**TASK PROMPT**.
For the listing below, print exactly the lines from the line with "Hoidja on 17" to the line with "Круги отрезные FIT", both included, and nothing beyond them.
=== Section Start ===
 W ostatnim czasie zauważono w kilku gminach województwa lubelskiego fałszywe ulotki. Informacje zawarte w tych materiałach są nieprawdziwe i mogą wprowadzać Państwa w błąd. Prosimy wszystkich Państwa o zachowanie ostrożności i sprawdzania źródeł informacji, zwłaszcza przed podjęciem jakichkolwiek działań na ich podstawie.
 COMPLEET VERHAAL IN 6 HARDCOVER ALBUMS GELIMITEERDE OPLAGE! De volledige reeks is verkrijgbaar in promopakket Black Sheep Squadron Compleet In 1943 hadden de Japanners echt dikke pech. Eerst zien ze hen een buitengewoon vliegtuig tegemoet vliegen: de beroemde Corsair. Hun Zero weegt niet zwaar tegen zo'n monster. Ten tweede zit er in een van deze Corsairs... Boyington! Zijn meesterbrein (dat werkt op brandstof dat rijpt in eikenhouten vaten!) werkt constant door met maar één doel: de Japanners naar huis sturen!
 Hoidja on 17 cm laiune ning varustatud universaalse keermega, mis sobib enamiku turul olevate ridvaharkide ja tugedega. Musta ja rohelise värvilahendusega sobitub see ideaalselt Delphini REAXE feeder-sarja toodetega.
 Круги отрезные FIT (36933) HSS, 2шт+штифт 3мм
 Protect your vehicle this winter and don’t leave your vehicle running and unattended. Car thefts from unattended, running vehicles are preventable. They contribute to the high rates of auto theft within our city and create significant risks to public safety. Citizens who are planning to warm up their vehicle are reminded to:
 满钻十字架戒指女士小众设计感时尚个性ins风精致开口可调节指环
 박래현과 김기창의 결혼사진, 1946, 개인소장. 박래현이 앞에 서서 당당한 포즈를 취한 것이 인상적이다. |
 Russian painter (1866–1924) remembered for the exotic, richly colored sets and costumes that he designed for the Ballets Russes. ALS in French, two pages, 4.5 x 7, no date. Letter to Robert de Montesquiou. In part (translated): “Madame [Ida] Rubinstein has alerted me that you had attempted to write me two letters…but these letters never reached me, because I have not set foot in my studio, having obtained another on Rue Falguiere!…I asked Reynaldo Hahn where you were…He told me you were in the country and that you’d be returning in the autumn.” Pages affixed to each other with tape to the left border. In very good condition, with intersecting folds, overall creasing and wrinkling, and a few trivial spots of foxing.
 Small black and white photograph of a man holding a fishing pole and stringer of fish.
=== Section End ===
**YOUR RESPONSE**.
 Hoidja on 17 cm laiune ning varustatud universaalse keermega, mis sobib enamiku turul olevate ridvaharkide ja tugedega. Musta ja rohelise värvilahendusega sobitub see ideaalselt Delphini REAXE feeder-sarja toodetega.
 Круги отрезные FIT (36933) HSS, 2шт+штифт 3мм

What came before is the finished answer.